Secrecy is trade negotiators' stock-in-trade, and it has allowed them to sneak through rules on topics such as copyright and patents that would never pass muster under public scrutiny. EFF has not hesitated to call them out over this, whether the trade agreement in question is the Trans-Pacific Partnership, the Transatlantic Trade and Investment Partnership (TTIP) between Europe and the United States, or the Trade in Services Agreement (TISA).
But we also gave credit last year to Europe for committing to make some incremental changes to improve the transparency of the TTIP neogtiations, by releasing its negotiating texts and giving access to all TTIP texts to members of the European Parliament. We weren't alone, being joined by 47 other civil society groups and experts from around the world in calling on the TPP negotiators to follow Europe's lead on transparency.
This week, the first batch of the TTIP documents that we had been promised by Europe has been released online. They take two different forms: two-page fact sheets for each of the 23 chapters, and for certain chapters the negotiating texts given to US negotiators, which in turn may be either actual textual proposals, or a more general statement of intent in the form of a position paper.
What have we learned from these documents? As yet, not much. For the intellectual property chapter—which is the chapter of most interest to EFF—no negotiating texts have yet been posted, presumably reflecting the fact that none has yet been provided to US negotiators. Instead, we have a two-page fact sheet on this chapter (which provides very little detail), and another on “Cultural services” (which gives somewhat more).
Amongst the biggest gripes for Europe that it plans to address in TTIP, as confirmed by these texts, is that the United States, unlike others countries, does not require radio stations to pay royalties to performers when their performances are played on air—only the composers receive royalties. But this is unlikely to change anytime soon. Although contentious, the exemption for performance royalties on radio has long been accepted as a quid pro quo for free marketing that artists receive when their performances are broadcast, which flows into sales of albums, concert tickets and merchandise.
Similarly, in the US composers do not receive royalties when their songs are played in bars or restaurants. But this too has been the subject of a long hard-fought battle, which has even made its way to the World Trade Organization (which ruled, in part, against the United States). Europe has its work cut out for it if it expects the US to reverse its position here. So too it has a hard battle in pushing for payments to visual artists on the resale of their works, which the released documents have also flagged for the EU wish-list, but which conflicts with the US first sale doctrine.

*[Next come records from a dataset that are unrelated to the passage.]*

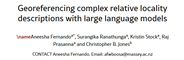 地理参照文本文件通常采用两种方法:一是基于地名录的方法,通过地名分配地理坐标;二是通过语言建模方法,将文本术语与地理位置相关联。然而,许多位置描述通过空间关系来相对地指定方位,这使得仅依赖地名或地理指示词进行地理编码往往不够精确。这一问题在生物标本采集记录中尤为常见------在使用全球定位系统(GPS)之前的记录,其位置常以叙述性文字而非坐标形式记载。尽管准确的地理参照对生物多样性研究至关重要,但该过程仍依赖大量人工操作,因此迫切需要自动化地理参照解决方案。
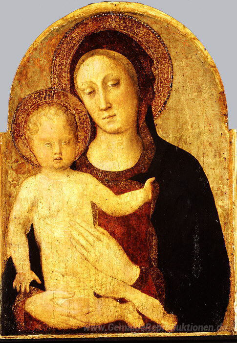 Wir bieten Ihnen eine handgefertigte Reproduktion auf Leinwand des berühmten Kunstwerks 'Madonna und Kind' von Jacopo Bellini, aus dem Reproduktionsmuseum.
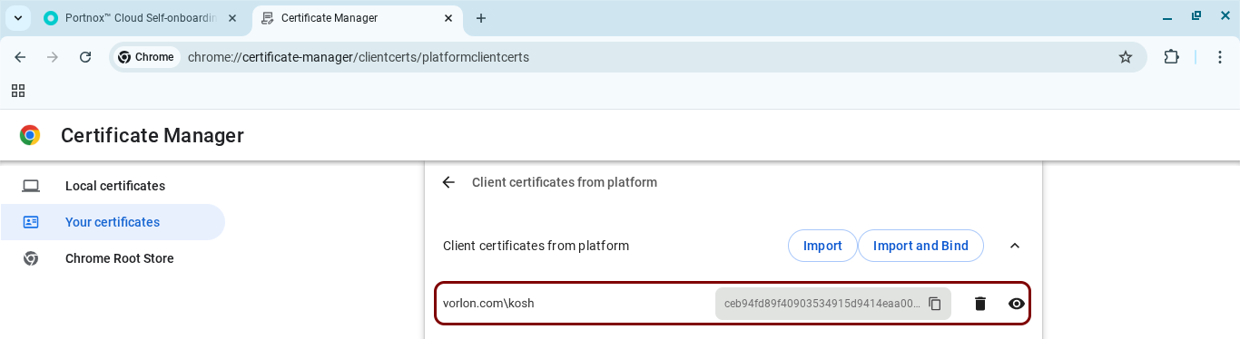 In this section, you will learn how to get the certificate issued by Portnox Cloud for your ChromeOS device and how to import it into Chrome.
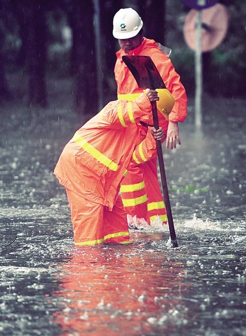 9月16日,在深圳市福田區(qū),工作人員在疏通下水道。新華社記者 毛思倩攝
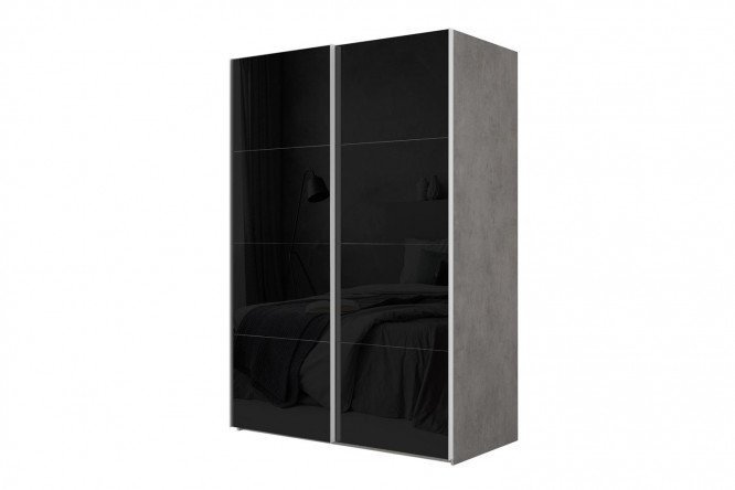 2-door wardrobe Comet 200×240 cm light concrete, black glass facades
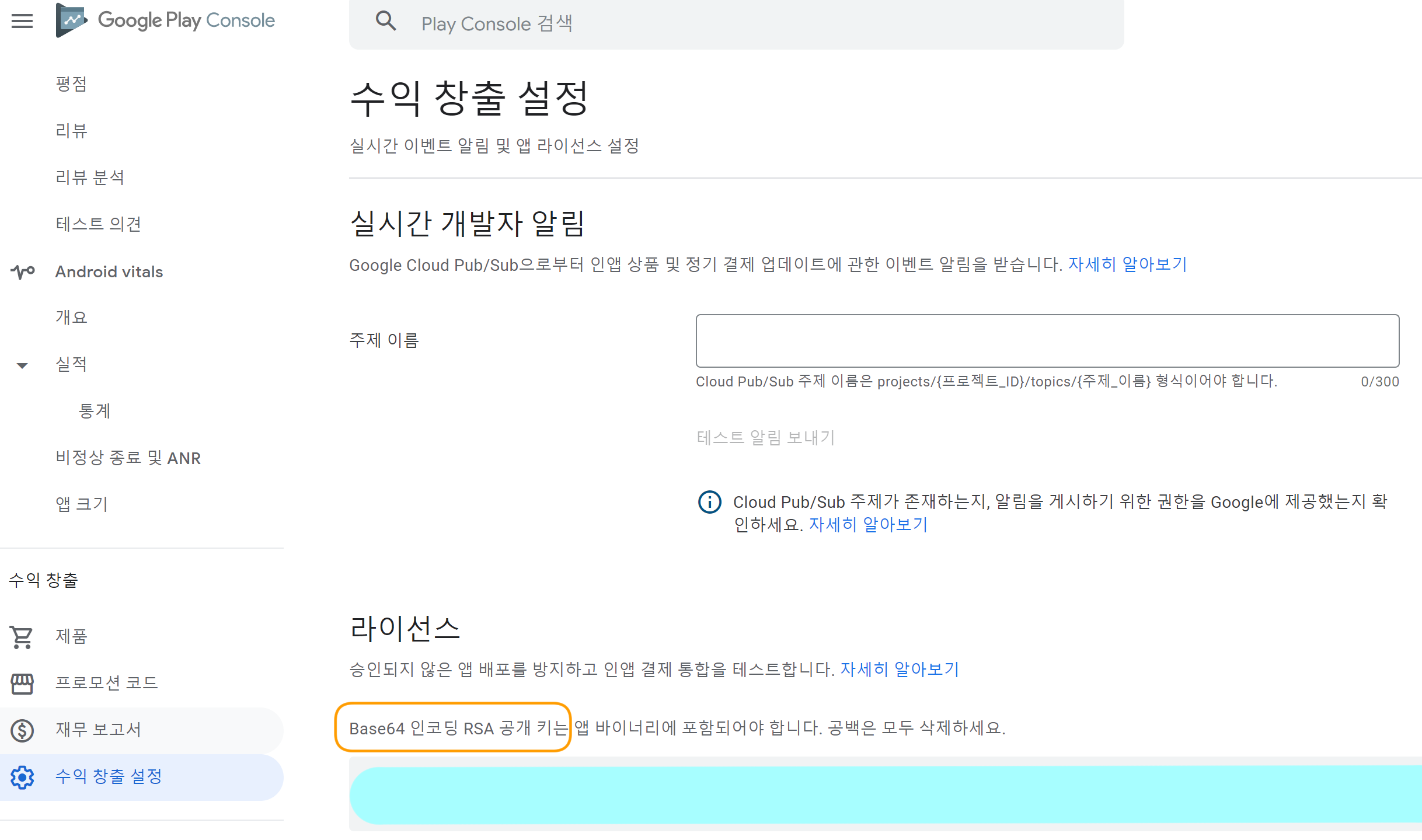 구글 플레이 콘솔이 업데이트 되고 난 후 라이선스 키의 위치
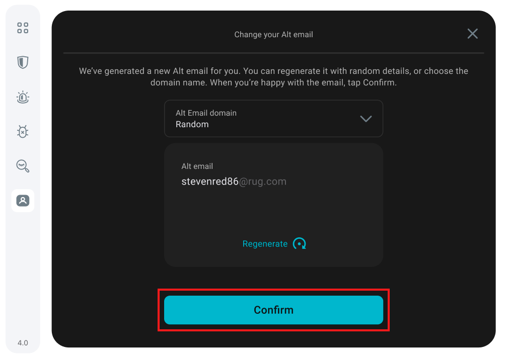 2. In the next window, you will be introduced to your alternative email. You can either keep the generated one or regenerate a different one. Once you are happy with your Alt email, click Confirm.

None of these issues are likely to have a direct impact on Internet users; in particular, online music streaming is already treated differently from radio broadcasts and from performances in that royalties are already payable to both performers and composers. So we are somewhat comforted that Europe is not pushing for proposals that would extend into the online and digital environment, though we still maintain our position that copyright is not an appropriate subject for trade agreements at all, and we will be continuing to closely monitor information about the intellectual property chapter as it comes to hand.
Meanwhile, there are other aspects of the agreement that remain troubling to us, perhaps most notably including Europe's insistence on including provisions on Investor State Dispute Settlement (ISDS), that could allow foreign investors to challenge laws that they believe impact the value of their investments. Although the ramifications of this policy extend much further, there is the prospect that balanced intellectual property laws that one country adopts—such as an orphan works law, for example—could trigger an investor's claim.
Perhaps the most important thing that we have learned from these documents is that the sky has not fallen simply because negotiating texts have been released. The US has not stormed away from the table, and Europeans are not rioting in the streets. That being so, it is becoming increasingly untenable for the USTR to hold its position that there should not be a similar show of transparency in the TPP and TISA negotiations, nor indeed that the US proposals for TTIP should not also be released.